Sometimes you need to be hit upside the head with the clue bat to figure some things out. I had another clinic with Pam Goodrich, my third time riding with her, and she is so good at tearing through the nonsense and locating the actual cause of a problem. I appreciate her blunt honesty and I could hear her and Trainer Z comparing notes and plans while I was riding. I'll be benefiting from her findings all winter.
This time it was straightness. Funny how I never seem to work on anything new and yet I'm always finding new things. Forward, straightness, balance. Theo's asymmetries have improved dramatically since he's been ridden by Trainer Z but he'll always have his little quirks. He likes to travel with his shoulders to the left. When it was severe, he had a four beat canter and would drag through my left arm to the point that it would fail rather than let me manage that left shoulder. His left lead canter was nice to watch but his right lead was . . . dicey. Now we have a right lead that is functional and is frankly higher quality than the left. The right is a shorter, bouncier canter that sits on his butt. The left is a bigger stride but more earth bound and heavier with hocks wanting to trail behind. We worked so hard to fix his right lead that it's now the easier one to change. The left is still his preferred lead but it is a bigger pain to adjust. Go figure.

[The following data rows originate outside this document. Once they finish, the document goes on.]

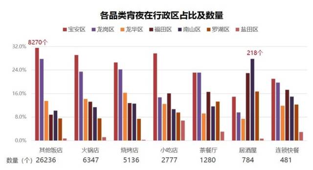 各品類(lèi)宵夜在7個(gè)行政區(qū)占比及數(shù)量
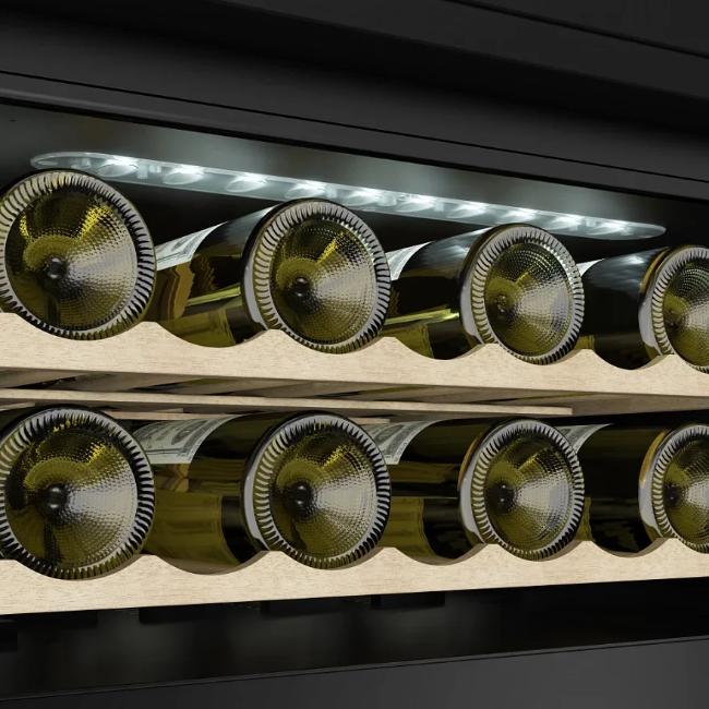 Кнопки для управления подсветкой выносятся на панель управления. Лампы синего, белого или голубого цветов могут располагаться в верхней части камеры или на боковых сторонах. Дополнительное освещение может устанавливаться в винных холодильниках с зоной для сервировки: она обеспечивает лучший обзор и доступ при подготовке вина к подаче.
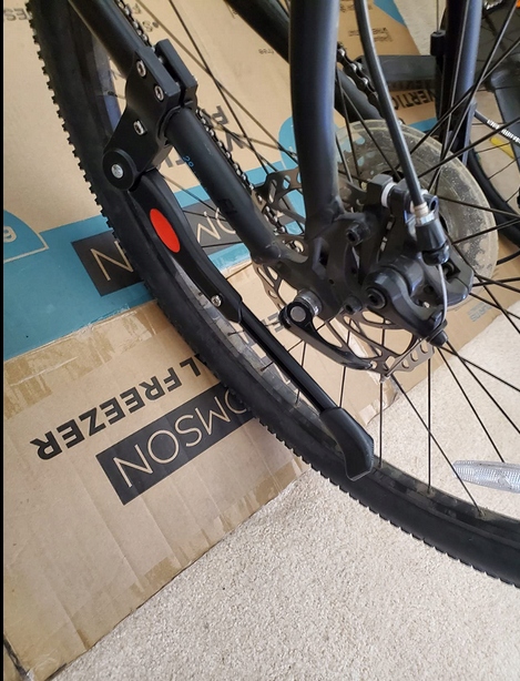 Ножка очень проста в установке. Просто поместите подставку на раму рядом с задним колесом и скрепите ее зажимом с помощью трех винтов с внутренним шестигранником.Стойка также подходит для велосипедов с дисковыми тормозами. Установка занимает всего минуту.
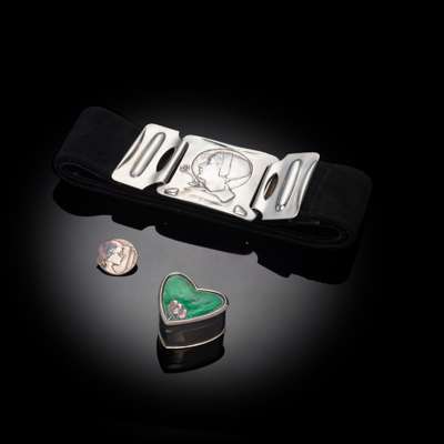 silver, and inscribed 'W. C. CONNELL / 83 CHEAPSIDE LONDON', hallmarked London 1899, with bracket fittings and later black suede belt, 11.5cm (4 1/2in) wide including the bracket fittings; together with a PILL BOX BY KATE HARRIS FOR WILLIAM HUTTON & SONS LTD., silver and enamel, stamped maker's marks, hallmarked Birmingham 1902, 4cm (1 1/2in) wide; and a BADGE BY KATE HARRIS FOR WILLIAM HUTTON & SONS LTD., silver, hallmarked Birmingham 1907 and partial registration number '4109..', 2.5cm (1in) wide
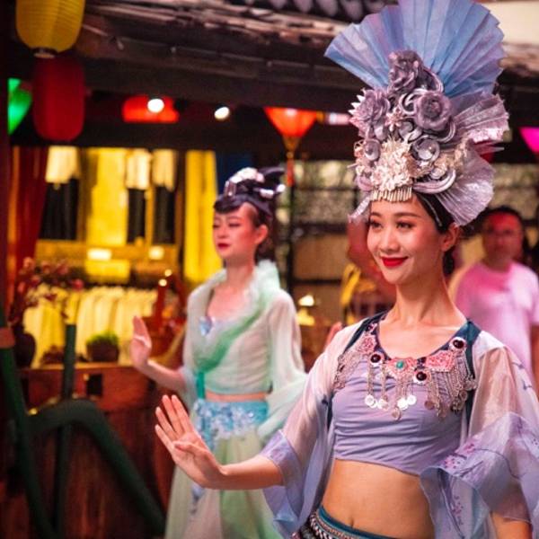 张家界千古情景区融入了当地的民俗文化,有着浓郁的民族风情。往往从到达景区时的遥遥一见就能感受到了。大庸古街内非物质文化遗产和手工作坊云集,可以近距离体验非遗文化的魅力。陶源秘境内赶尸鬼屋、蚩尤呼风...
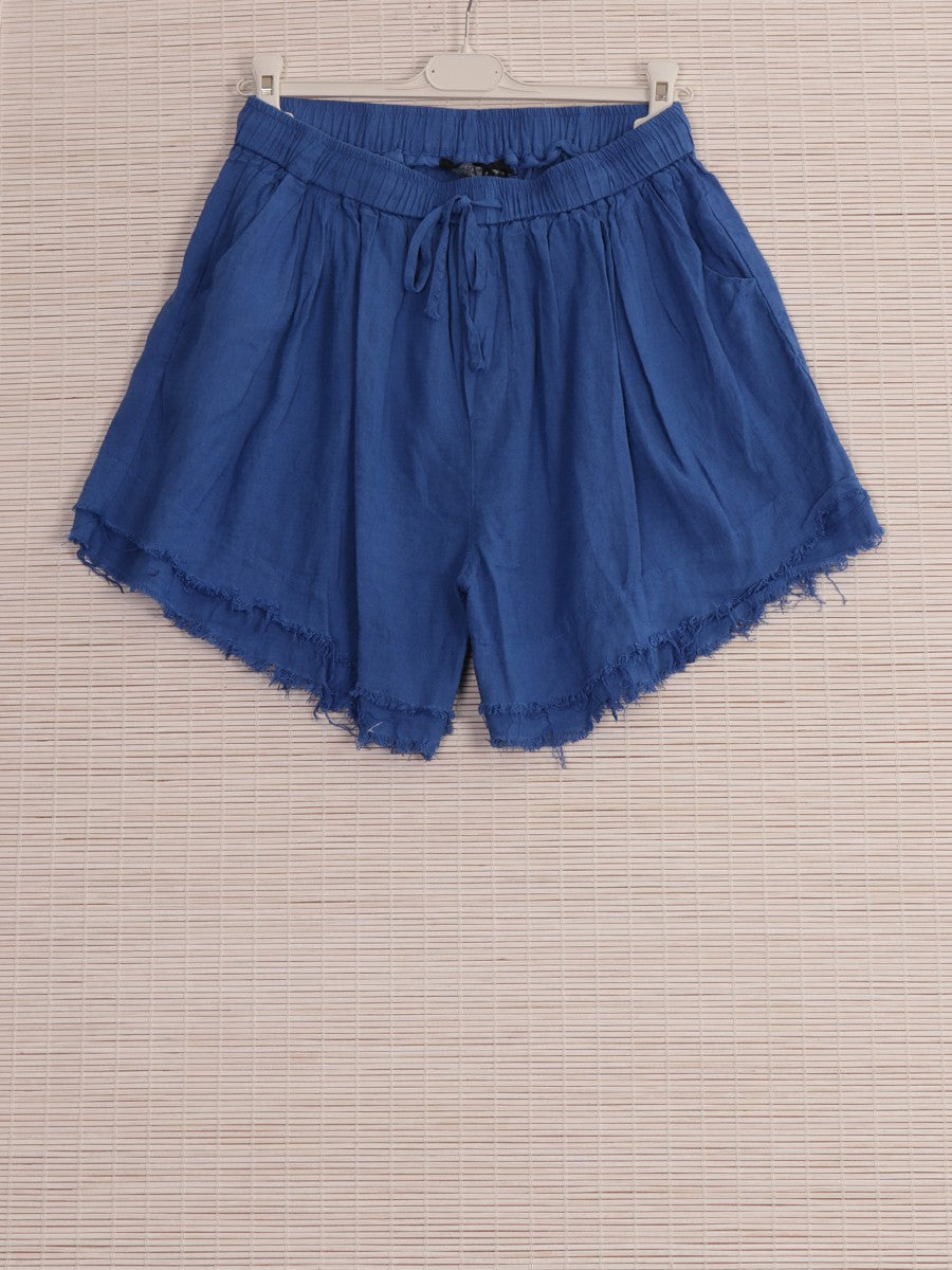 Crafted from premium Italian linen, these royal blue raw edge shorts offer a refined yet relaxed silhouette. The natural texture and breathable fabric ensure comfort in warm weather, while the raw edges add a contemporary, effortless finish. Practical side pockets enhance functionality without compromising style, making these shorts a sophisticated choice for casual and smart-casual wardrobes.
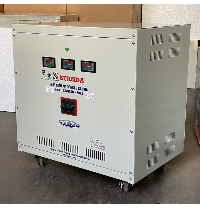 Biến áp Standa 60kVA hạ áp 380v ra 220v và 200v hàng chính hãng chất lượng cao nhất hiện nay. Máy có giá cao hơn loại dây nhôm là do giá vật tư dây đồng cao hơn dây nhôm.
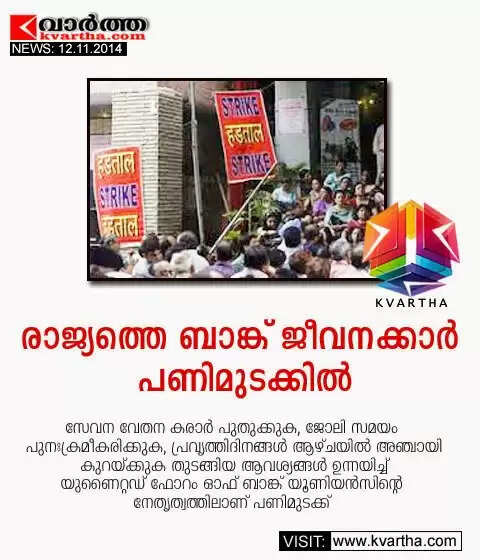 ഡെല്ഹി: (www.kvartha.com 12.11.2014) വിവിധ ആവശ്യങ്ങള് ഉന്നയിച്ച് രാജ്യത്തെ ബാങ്ക് ജീവനക്കാരും ഉദ്യോഗസ്ഥരും ബുധനാഴ്ച പണിമുടക്കുന്നു. സേവന വേതന കരാര് പുതുക്കുക, ജോലി സമയം പുനഃക്രമീകരിക്കുക, പ്രവൃത്തിദിനങ്ങള് ആഴ്ചയില് അഞ്ചായി കുറയ്ക്കുക തുടങ്ങിയ ആവശ്യങ്ങള് ഉന്നയിച്ച് യുണൈറ്റഡ് ഫോറം ഓഫ് ബാങ്ക് യൂണിയന്സിന്റെ നേതൃത്വത്തിലാണ് പണിമുടക്ക് .പൊതുമേഖല സ്വകാര്യ വിദേശ ഗ്രാമീണ ബാങ്കുകളിലെ ജീവനക്കാരും ഉദ്യോഗസ്ഥരും ഉള്പെടെ രാജ്യത്തെ 10 ലക്ഷത്തോളം ജീവനക്കാര് പണിമുടക്കില് പങ്കാളികളാകുന്നു.
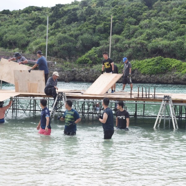 13日に城辺友利のインギャーマリンガーデン特設会場で開催される「第17回なりやまあやぐまつり」(同まつり実行委員会主催)に向けた舞台設営が始まっている。
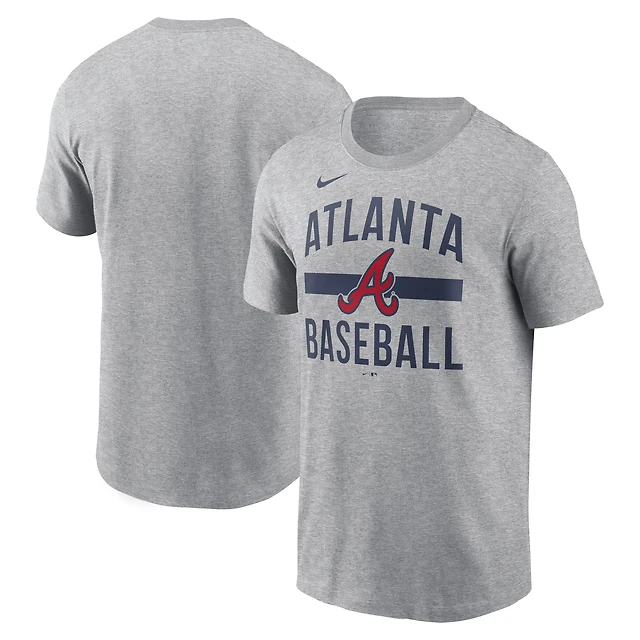 T-shirt à col arqué Nike gris chiné Atlanta Braves pour homme
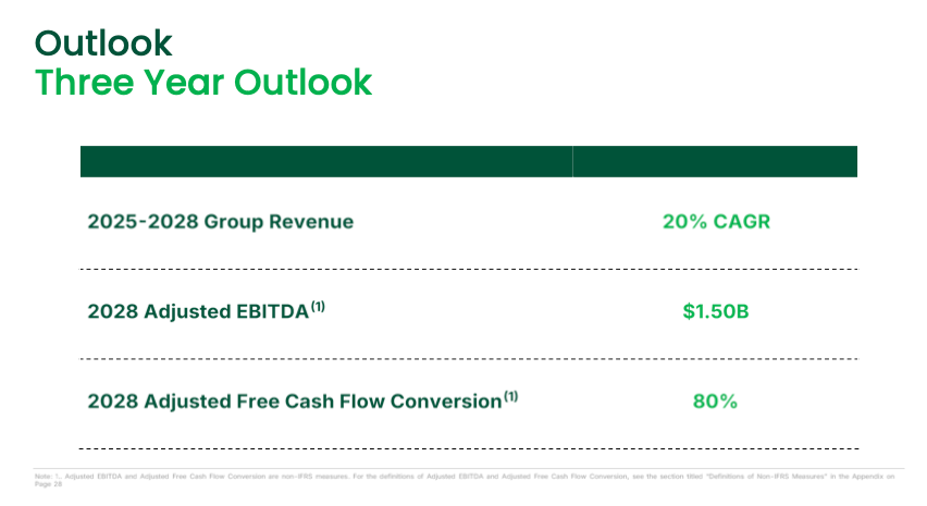 They guided for 20% revenue CAGR over the next 3 years and a 200% increase in Adj. EBITDA, along with an increase in Adj. FCF conversion from 52% in 2024, 56% in 2025 to 80% in 2028.
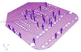 隨著當今集成電路對供電穩定性的要求,印制板設計工程師需要關注于低電壓、低翻轉門限與大電流、多層長線供電所造成的壓降。利用CST電磁工作室的穩恒電流求解器可以仿真整個PCB的電壓分布,如圖15所示:
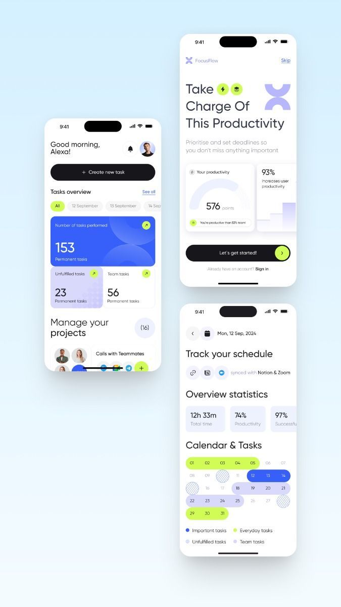模塊化卡片布局 —— 信息拆分為獨(dú)立卡片,任務(wù)、進(jìn)度、日程分區(qū)清晰。

Given the insight that the left lead, which I've called 'the good lead' for eight years, is actually now the bad lead, the difficulties in changing the lead from left to right make more sense. The canter is less balanced, more downhill. It's more difficult to change out of so Theo will cheat with that extra beat in his flying change or will bronc to get the height needed and his massive shoulders out of the way. Ugggggggh. Some of it is emotional/mental of course since he prefers his left still but more of it appears to come down to the quality of the canter.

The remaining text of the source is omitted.